Bank Holiday Ramblings

Hi all!

Its been quite a while since i've blogged and have taken the decision to merge both of my blogs together under one name. Hopefully the transition will all be done within the next week or so, if my partner-in-crime Emily will help me out with the web design side of things.

Today I wanted to blog about me. Things are about to get personal.

Bank holidays are wonderful, and mine in particular has been awesome. I've seen the in-laws, i've seen some of my nearest and dearest friends, my sister and brother-in-law, and spent the entire thing with my partner. Its been great fun.

That is, until midday Monday.

I live with bipolar disorder on a daily basis. This is unfortunate, but true. For all of the positive things in my life (Em, my home, my friends, my job), I'm only ever a chemical imbalance away from sinking into myself. Today, it hit harder than it has in a while. I'm restless, but want to rest. I'm awake, but so very tired. I have so many things I could do, but i'm bored. I could be surrounded by hundreds of people, but I feel alone.

This week I was off of work for a couple of days with nausea that stopped me sleeping, the sweats that stopped me leaving the house, and a lack of appetite that meant I didn't eat for 48 hours. THIS was not normal - I tried to take what must be my sixth different course of medication and these side effects all hit within 12 hours. This makes it easy to give up hope on being able to find a magic tablet that just makes me the person I wish I could be.

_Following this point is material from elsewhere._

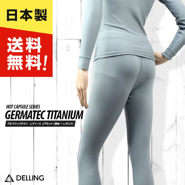 ウェットスーツ 保温インナー レディース 上下セット(長袖 + レギンス/トレンカ)<ホットカプセル ゲルマテックチタン>サーフィン ダイビング ドライスーツ セミドライ 起毛 防寒インナー ウェットインナー 上下 ロングパンツ インナーパンツ 保温 冬 抗菌 SUP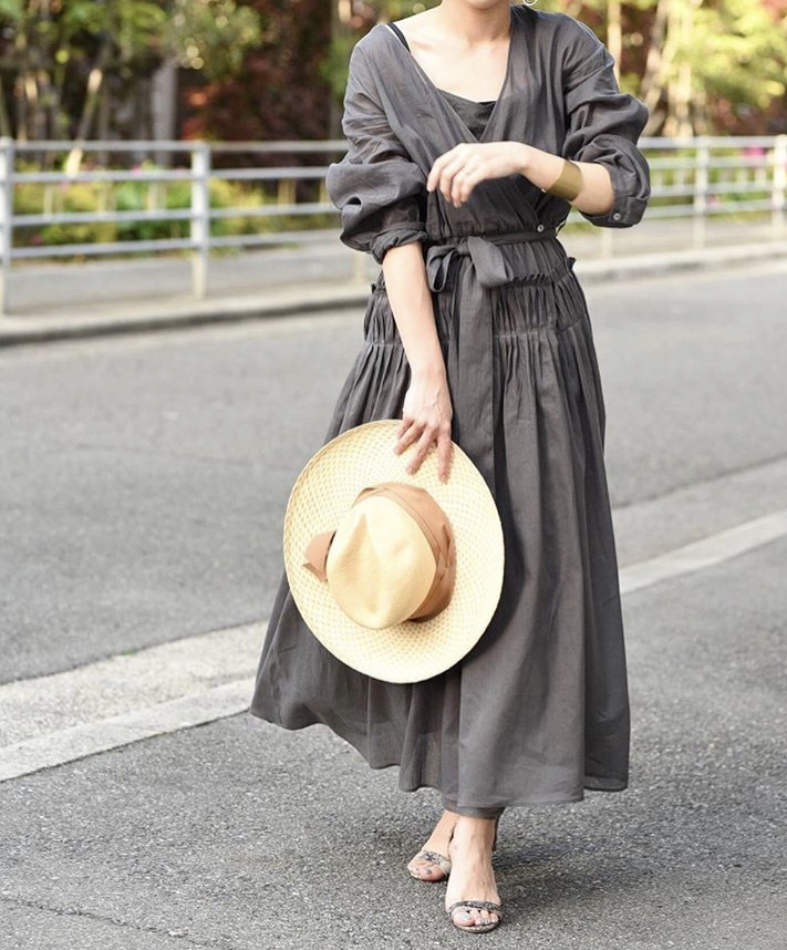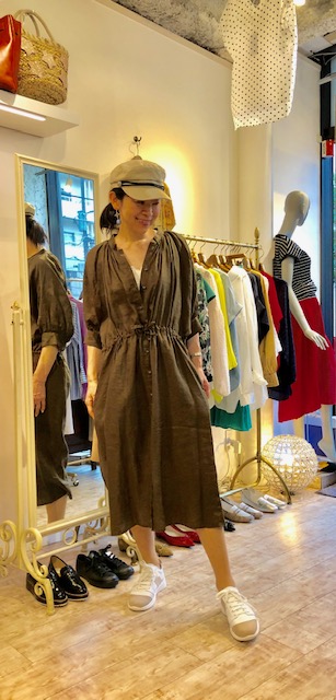 リネン素材のカシュクールワンピース💕 こちらは前を開けて羽織りものにもなるお役立ちアイテムです💕ウェスト周りの細かいプリーツがお洒落な一枚です チャコールグレーとスモーキーブルーで もうすぐ入荷します💕 リネンワンピース 17800円 2019年5月17日

Some have made me so tired I can barely function, let alone drive. Some made my eyes feel like they were on fire. Some, as I learned this week, can make me pretty ill. Every time I suffer one of these setbacks, I become defiant - "I shouldn't need a magic pill to make me happy anyway", "I can do this without them". And every time I become more and more defiant.

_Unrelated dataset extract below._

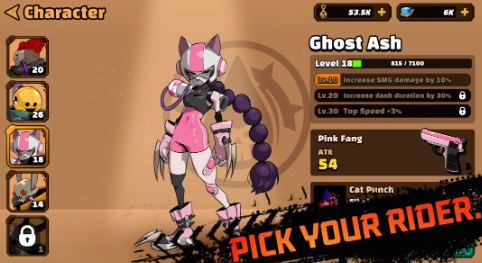 3、主动收集各类角色,用心升级摩托,全面强化速度、武器与个性,决心成为万众瞩目的最强猎人。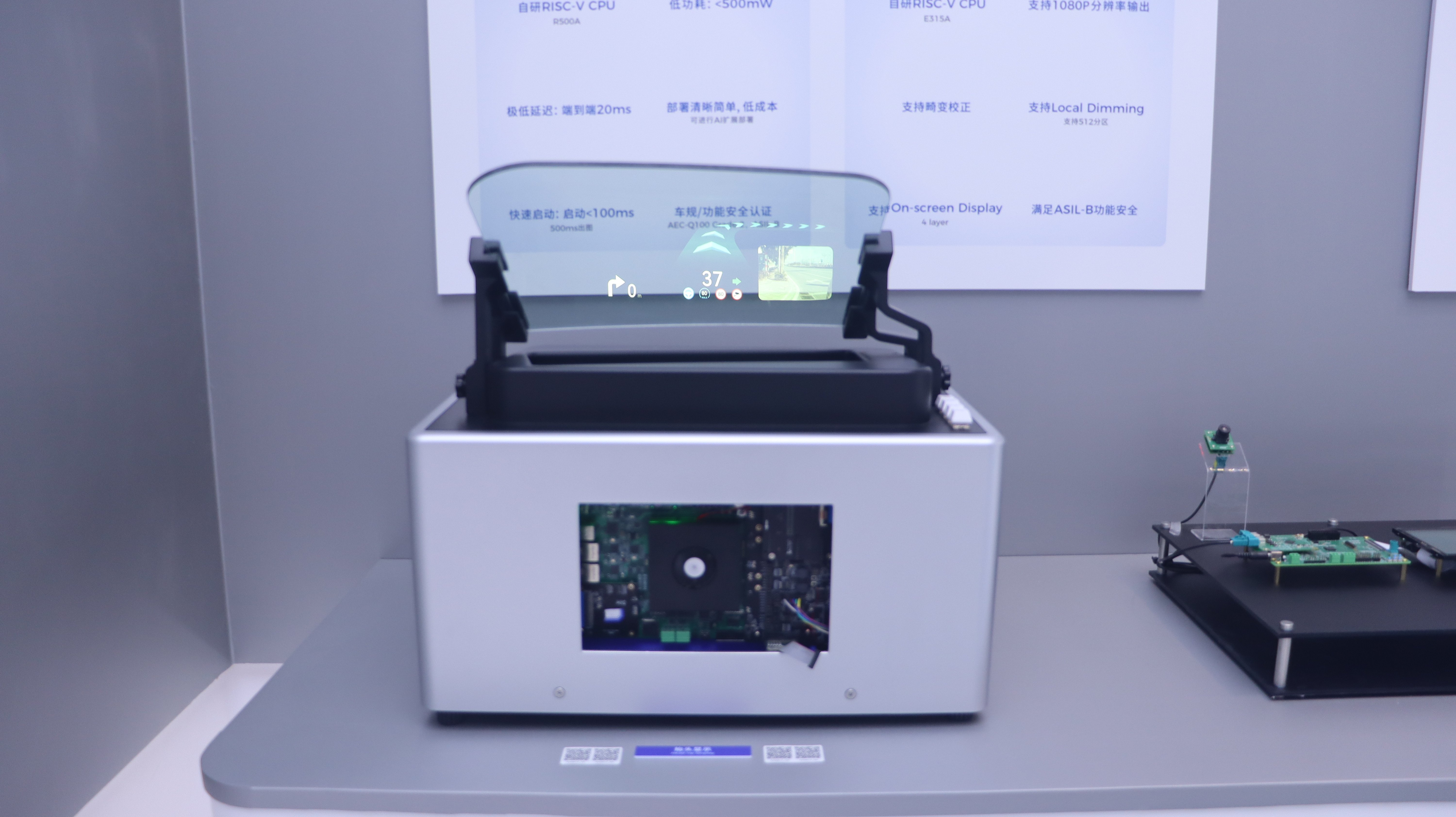 本次车展,奕斯伟计算重磅呈现了车载抬头显示专用芯片EAI8810 Demo。EAI8810是面向车载抬头显示(HUD)场景打造的专用芯片,采用奕斯伟计算自研RISC‑V内核,单芯片即可实现畸变校正、OSD(屏幕菜单式调节/叠加显示)、Local Dimming(局部背光调节)等核心功能,满足功能安全ASIL‑B认证要求,在提升系统安全性与显示效果的同时,有效提升整体方案性价比。

I was diagnosed with bipolar aged 19. Suddenly, the world made both more and less sense. I understood why I had "bad days", but I also didn't want to be seen as not "normal". Sometimes it allows me to be more expressive in my music, other times it means I leave parties having barely stepped in the door. The only thing that remains the same is that I know the sun will rise the next day and hopefully I will do the same.

There is no point to this blog other than to say - life is too short. Enjoy the time you have with the people you choose to spend it with. Tell your family you love them whenever you get the chance. When arguing over something, ask yourself if its worth it. Stop calling people who don't call back, and call those who do. Live every day as if its the day you'll be remembered by.